HOW TO COMPLETE THIS TASK:
Among the entries below, only the lines from the one with "- Grain bowls: Shelled" through the one with "RT-qPCR 检测显示,与 IMQ+IL-23" are to be retyped, exactly and without pictures.

SUPPLIED INFORMATION:
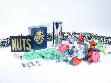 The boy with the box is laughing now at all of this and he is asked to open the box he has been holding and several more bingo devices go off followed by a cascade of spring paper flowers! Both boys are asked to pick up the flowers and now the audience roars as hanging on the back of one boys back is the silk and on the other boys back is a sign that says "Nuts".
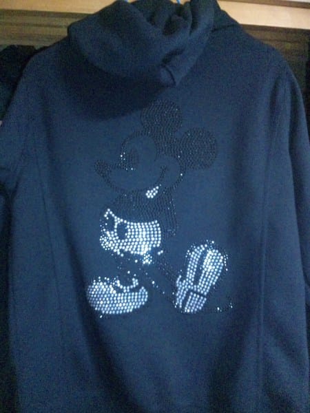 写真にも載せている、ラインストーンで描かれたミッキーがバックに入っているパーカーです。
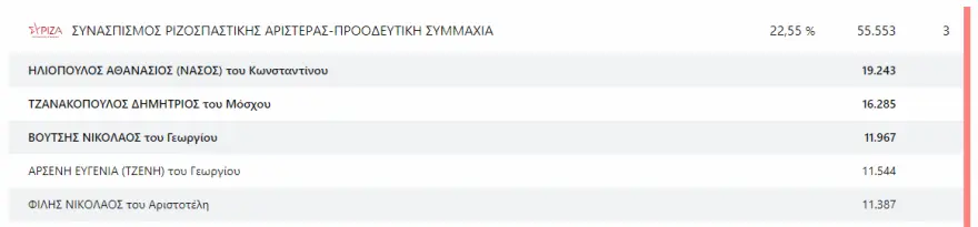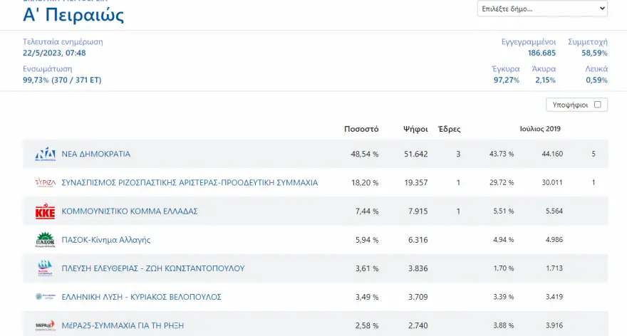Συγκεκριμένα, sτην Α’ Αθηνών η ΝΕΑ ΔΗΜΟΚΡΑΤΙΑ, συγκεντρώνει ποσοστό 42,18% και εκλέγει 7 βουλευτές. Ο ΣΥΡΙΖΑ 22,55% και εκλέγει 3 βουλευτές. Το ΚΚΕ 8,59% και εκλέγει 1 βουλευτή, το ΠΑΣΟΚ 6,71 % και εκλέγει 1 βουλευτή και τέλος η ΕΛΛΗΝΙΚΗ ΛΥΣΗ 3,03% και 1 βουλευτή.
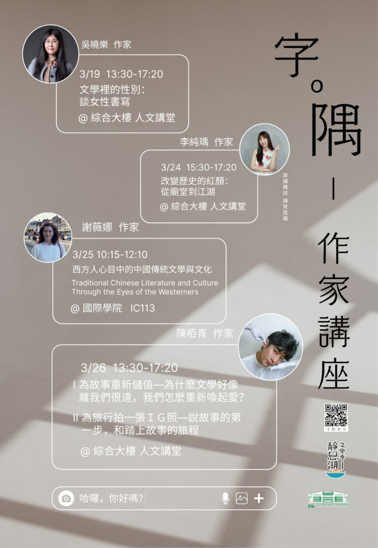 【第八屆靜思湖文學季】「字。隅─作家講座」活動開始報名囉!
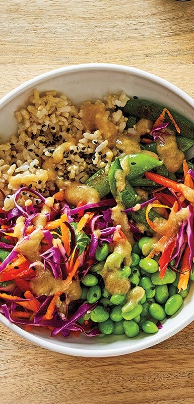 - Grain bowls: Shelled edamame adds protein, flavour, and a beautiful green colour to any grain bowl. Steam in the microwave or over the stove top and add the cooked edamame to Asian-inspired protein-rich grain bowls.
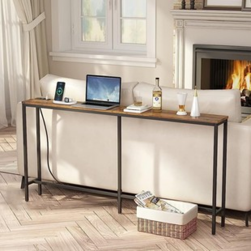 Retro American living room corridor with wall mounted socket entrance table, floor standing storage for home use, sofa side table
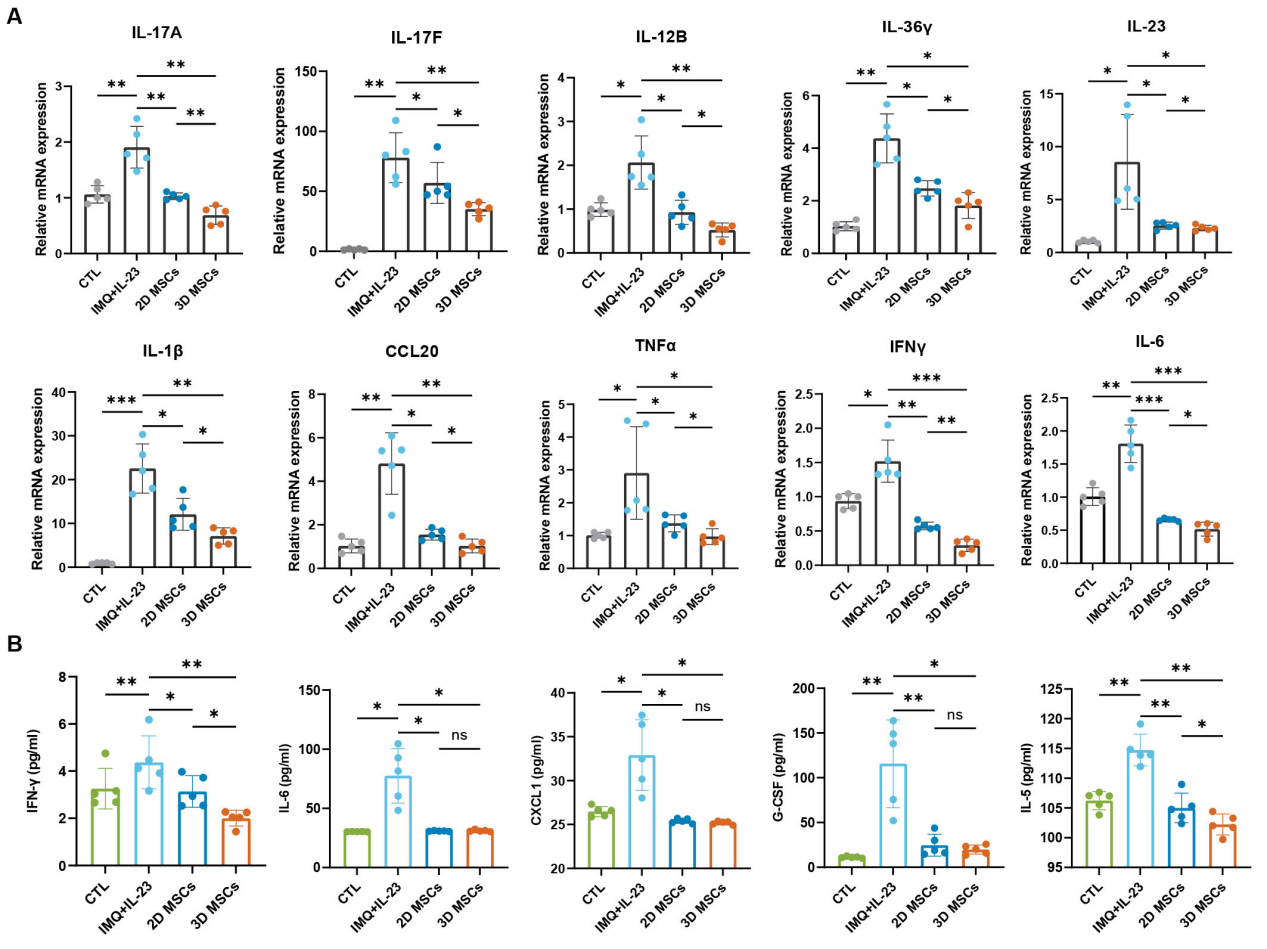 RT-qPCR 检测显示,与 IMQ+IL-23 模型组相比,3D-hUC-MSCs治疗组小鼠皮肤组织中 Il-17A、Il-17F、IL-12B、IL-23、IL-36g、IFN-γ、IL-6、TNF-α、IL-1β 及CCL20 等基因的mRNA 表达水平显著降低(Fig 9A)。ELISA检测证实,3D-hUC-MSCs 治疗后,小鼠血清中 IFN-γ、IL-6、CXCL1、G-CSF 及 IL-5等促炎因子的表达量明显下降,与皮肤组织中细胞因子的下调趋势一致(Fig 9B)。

==

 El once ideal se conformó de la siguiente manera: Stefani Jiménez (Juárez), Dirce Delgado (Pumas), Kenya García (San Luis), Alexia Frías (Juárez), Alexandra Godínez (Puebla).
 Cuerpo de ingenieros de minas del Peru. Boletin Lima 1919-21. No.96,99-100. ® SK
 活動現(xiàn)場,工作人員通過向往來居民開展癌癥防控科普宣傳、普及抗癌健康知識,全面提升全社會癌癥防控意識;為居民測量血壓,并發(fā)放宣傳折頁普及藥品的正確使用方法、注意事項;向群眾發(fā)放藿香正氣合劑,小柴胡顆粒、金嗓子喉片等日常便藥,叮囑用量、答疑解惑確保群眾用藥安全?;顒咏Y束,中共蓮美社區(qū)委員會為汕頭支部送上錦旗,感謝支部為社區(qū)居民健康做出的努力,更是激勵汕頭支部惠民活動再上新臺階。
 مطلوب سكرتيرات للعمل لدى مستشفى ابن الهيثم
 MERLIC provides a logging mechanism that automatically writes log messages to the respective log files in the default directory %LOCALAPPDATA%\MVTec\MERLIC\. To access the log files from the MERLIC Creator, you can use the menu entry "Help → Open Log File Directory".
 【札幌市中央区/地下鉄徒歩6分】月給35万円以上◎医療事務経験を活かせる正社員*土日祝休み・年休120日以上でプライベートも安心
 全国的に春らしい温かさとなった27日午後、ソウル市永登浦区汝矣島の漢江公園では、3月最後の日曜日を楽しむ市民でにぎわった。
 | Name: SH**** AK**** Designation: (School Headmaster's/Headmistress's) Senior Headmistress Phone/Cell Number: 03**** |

RESPONSE FOR THIS EXERCISE:
 - Grain bowls: Shelled edamame adds protein, flavour, and a beautiful green colour to any grain bowl. Steam in the microwave or over the stove top and add the cooked edamame to Asian-inspired protein-rich grain bowls.
 Retro American living room corridor with wall mounted socket entrance table, floor standing storage for home use, sofa side table
 RT-qPCR 检测显示,与 IMQ+IL-23 模型组相比,3D-hUC-MSCs治疗组小鼠皮肤组织中 Il-17A、Il-17F、IL-12B、IL-23、IL-36g、IFN-γ、IL-6、TNF-α、IL-1β 及CCL20 等基因的mRNA 表达水平显著降低(Fig 9A)。ELISA检测证实,3D-hUC-MSCs 治疗后,小鼠血清中 IFN-γ、IL-6、CXCL1、G-CSF 及 IL-5等促炎因子的表达量明显下降,与皮肤组织中细胞因子的下调趋势一致(Fig 9B)。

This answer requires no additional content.